General Motors stated they remain committed to self-driving technology. But the company will focus on self-driving cars sold directly to consumers instead of ride-sharing or robotaxis like Cruise.
Why it Matters
According to Jessica Mathews of Fortune:
‘Cruise was supposed to be the shiny new piece of technology that could reposition $57 billion General Motors from a legacy automaker into a true, innovative Tesla rival for the auto industry’s next chapter. And for a while, it was. Cruise was the first company to launch a paid fare operation in San Francisco, and, at one point, it had 4,000 employees in Seattle, Phoenix, Austin, Dubai, and in Japan.’
The complexity of operating robotaxis combines the obstacles associated with self-driving technology with the challenges of managing a taxi service. That includes a large customer service operation, making it a daunting prospect for automakers.
Not to mention the significant safety concerns for robotaxi services. In October 2023 a Cruise robotaxi in San Francisco struck a woman and then dragged her some twenty feet before stopping.
During the incident, the woman was first hit by another car driving next to the robotaxi. The impact unexpectedly forced her into the car’s path, a scenario the vehicle’s technology suite was unable to anticipate.
Further complicating the situation, after being struck the women was knocked down, placing her body below the detection range of the robotaxi’s lidar scanning system. Though injured, the woman did survive.
Nevertheless, the incident dealt a significant blow to Cruise’s reputation, which has never recovered.
How it Affects You
Automakers and technology companies have made big promises, and investments, for both self-driving vehicles and robotaxis services. But so far, overcoming the technical challenges has remained elusive.
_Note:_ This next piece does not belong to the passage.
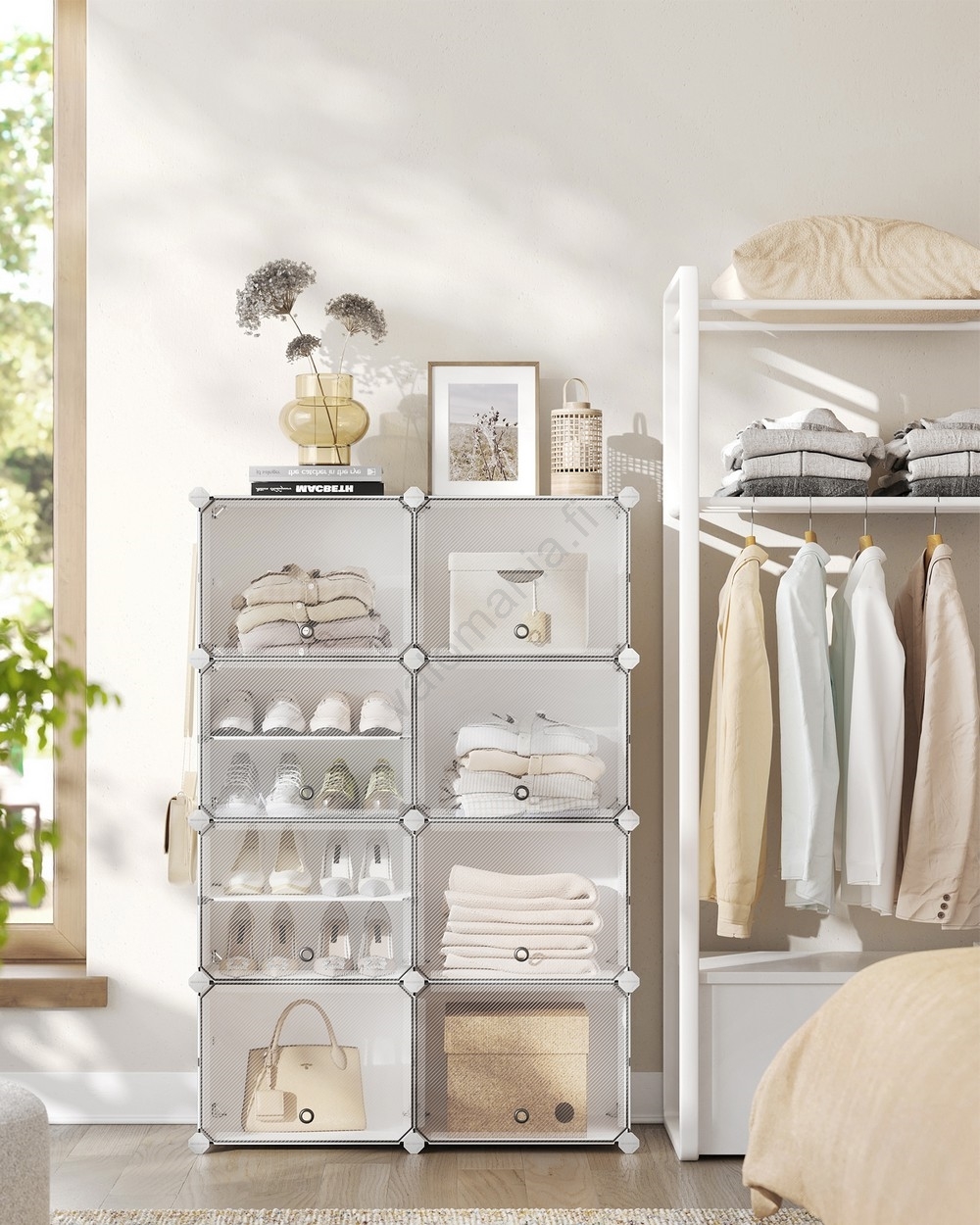 • Rakennetta voi käyttää erillisinä yksiköinä tai jopa jakaa kahdeksi pieneksi hyllyksi kenkien, vaatteiden tai kylpyhuonetarvikkeiden säilytykseen missä tahansa haluamassasi tilassa.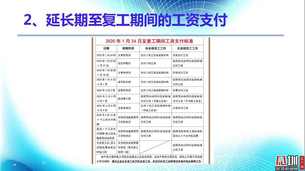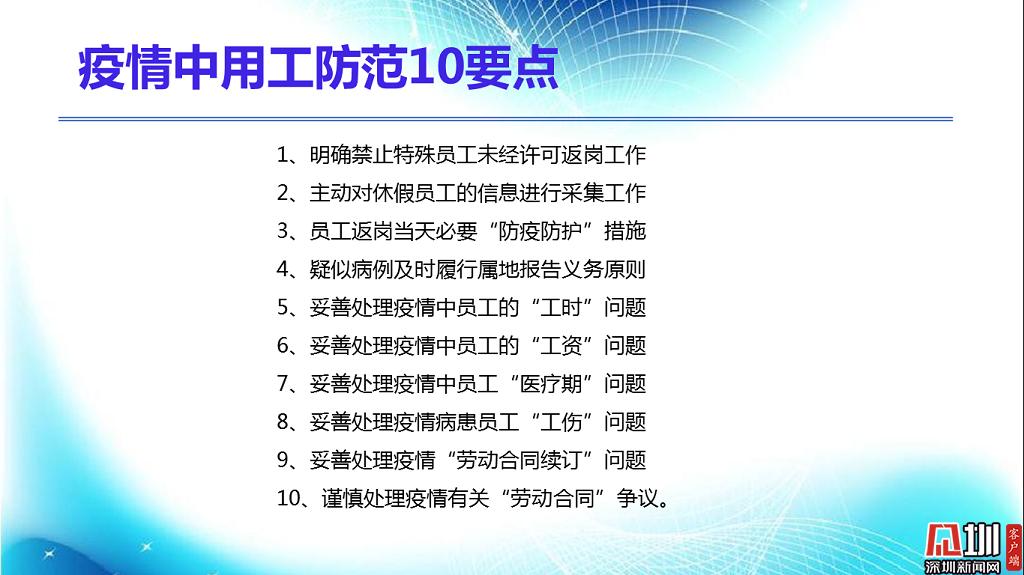 见圳客户端•深圳新闻网2020年2月18日讯(见圳客户端、深圳新闻网记者 焦慧茹)疫情影响了社会的方方面面,给企业和职工带来了新的问题。对于广大职工而言,担心的是疫情期间工资发放、复工安排等。对于企业而言,担心的是如何顺利复工复产。为此,深圳市总工会联合深圳新闻网推出“复工防疫微课堂”第六期,邀请讲师杨文浩,分析、整理了疫情之下企业复工用工防范要点,帮助大家解决困惑。

While the ideas for both remain popular, safety concerns may prevent potential riders from using what is already available. This makes widespread adoption even more difficult and expensive.
Like General Motors, other major auto companies, including Volkswagen (VOW.DE) and Ford (F) have moved away from robotaxi programs after initial large investments.
Alphabet (GOOG) is still actively operating both self-driving vehicles and robotaxis in several major American cities, and Telsa (TSLA) has announced plans to debut a robotaxi service in 2025.
Meanwhile the safety, regulatory, and technological hurdles for robotaxis remain significant barriers to widespread operations.